Lettre 45 - Leibniz à Spinoza (5 octobre 1671)

  • 1er août 2005


à Monsieur B. de Spinoza,
Godefroy Leibniz.

Monsieur,

Entre autres mérites que la renommée vous attribue, j’ai appris que vous aviez une connaissance remarquable de l’optique. C’est pourquoi j’ai voulu vous adresser un certain mien essai : j’aurais peine à trouver meilleur juge en la matière.

La dissertation que je vous envoie et que j’ai intitulée Notitia opticae promotae a été publiée par moi pour qu’elle fût plus facile à communiquer aux amis et aux personnes qu’elle peut intéresser. J’entends dire que le très honoré M. Hudde est aussi un maître en cette matière et je ne doute pas que vous ne le connaissiez très bien. Si donc vous pouviez obtenir qu’il voulût bien, lui aussi, porter un jugement sur mon travail, vous m’obligeriez infiniment.

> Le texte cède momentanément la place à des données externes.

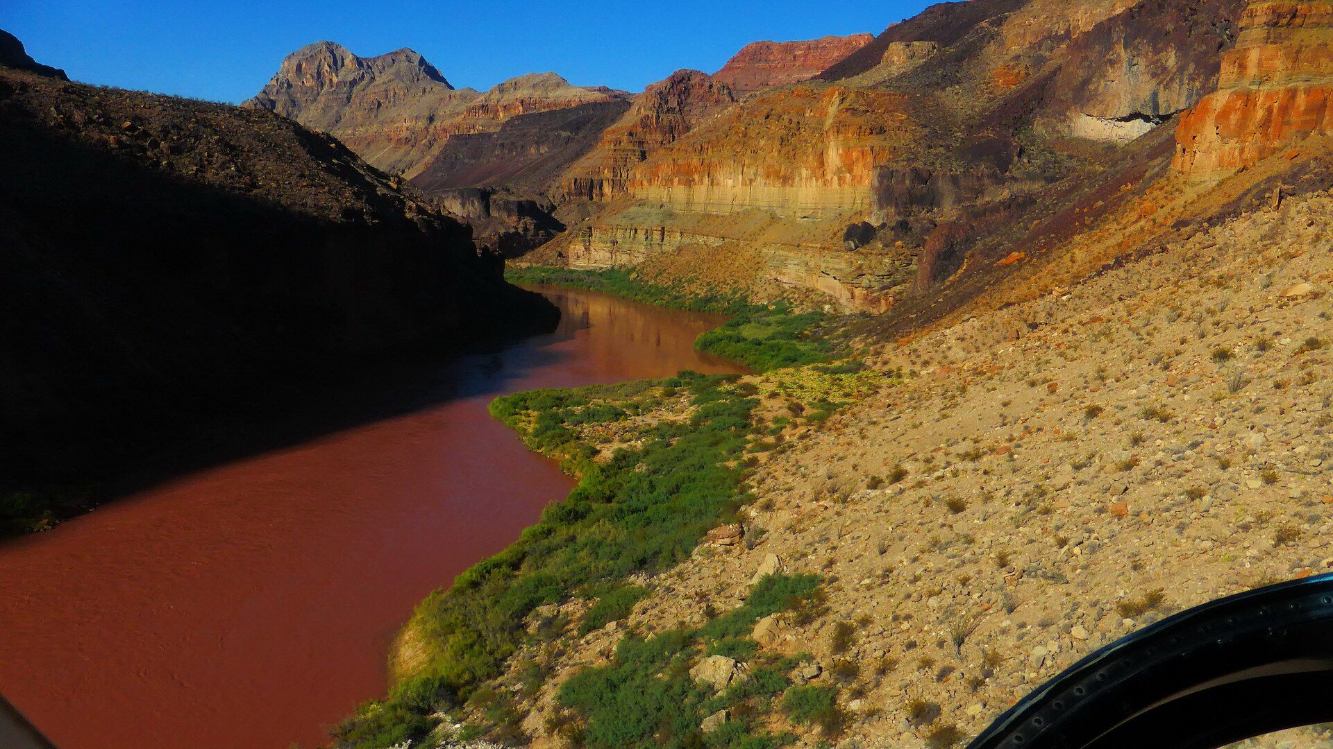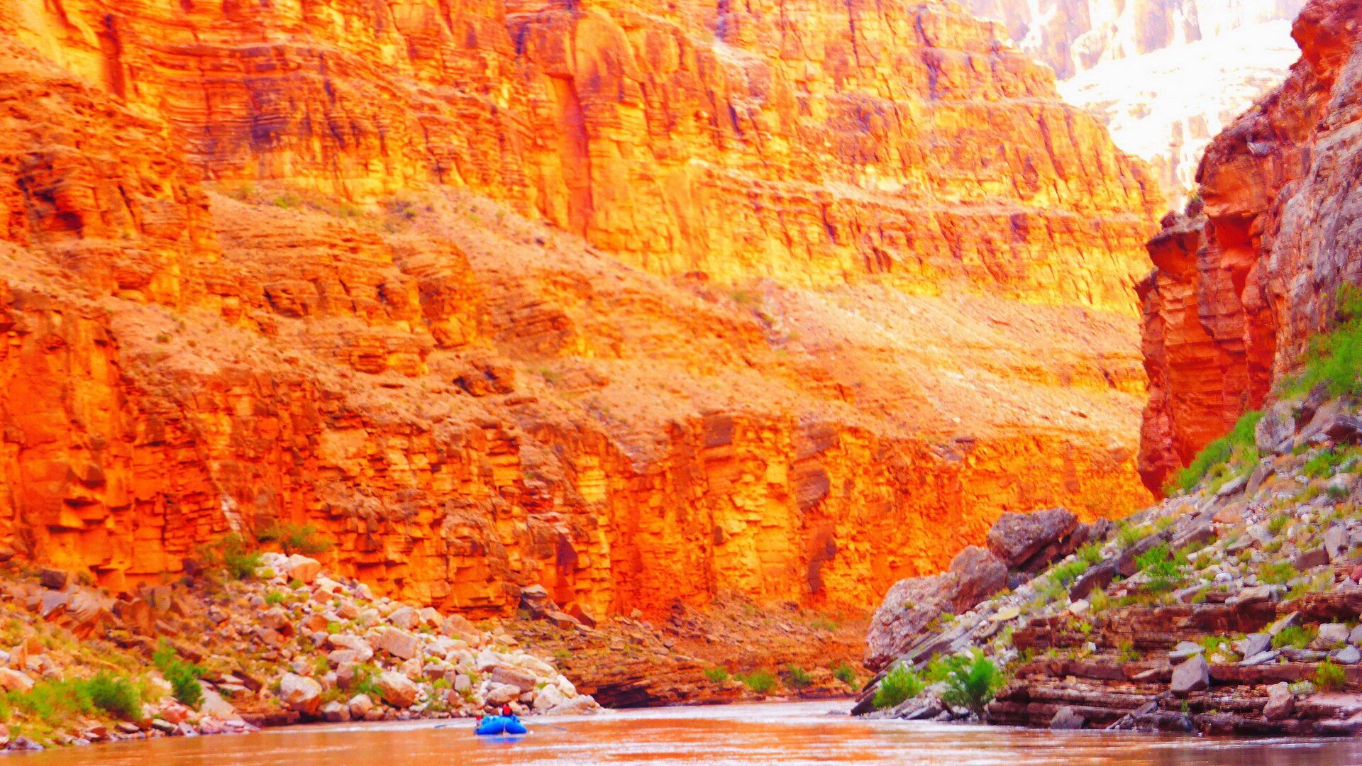 Der Fluss hat uns wieder ... die Sonne lässt den Canyon erstrahlen ...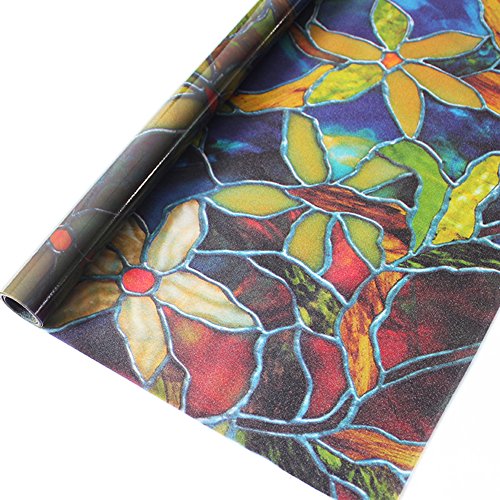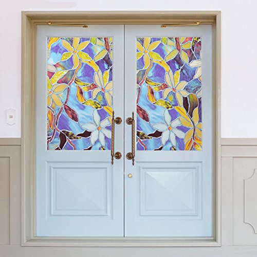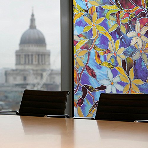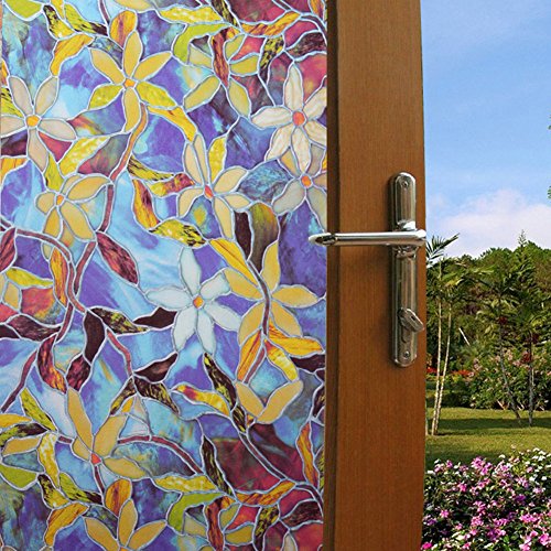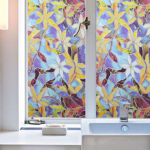 【窓 防犯 目隠しシート】 再利用可能 地中海の蘭 不透明 自分で貼れる 飾り 防紫外線ゴム無し ≪NO.20≫ (90CM×200CM, NO.20 地中海の蘭)

La dissertation fait connaître suffisamment par elle-même son objet. Je pense que vous possédez l’Introduction de François Lana de la Société de Jésus, écrite en italien , qui contient aussi quelques importantes propositions de dioptrique. Il y a aussi un Suisse du nom de Johan Oltius, un jeune homme très versé dans ces matières, qui a publié des Pensées physico-mécaniques sur la vision, dans lesquelles il promet d’une part une machine très simple et d’un usage tout à fait général pour polir tout genre de verre, d’autre part dit qu’il a trouvé moyen de rassembler tous les rayons provenant de tous les points d’un objet en autant de points correspondants. Mais cette méthode n’est appliquée qu’à un objet situé à une certaine distance et d’une certaine figure. Ce que je me suis proposé d’ailleurs se ramène à ceci : il ne s’agit pas d’obtenir que tous les rayons issus de tous les points convergent exactement, quelle que soit la distance de l’objet, cela est impossible autant qu’on le peut savoir jusqu’ici. Il s’agit de faire que les rayons issus de points non situés sur l’axe optique se réunissent comme ceux qui partent de points situés sur l’axe, et que l’on puisse en conséquence donner à l’ouverture des lentilles la grandeur que l’on voudra, la vision restant néanmoins distincte. Mais je m’en remets du jugement à porter sur ce point à votre pénétration. Portez-vous bien et veuillez accueillir favorablement, Monsieur, les compliments affectueux de

GODEFROY GUILLAUME LEIBNIZ,
Docteur en droit et conseiller à Mayence

P.-S. - Si vous voulez bien me répondre, j’espère que M. Diemerbroeck se chargera volontiers de me faire parvenir votre lettre. Je pense que vous connaissez ma nouvelle hypothèse physique , dans le cas contraire je vous l’enverrai.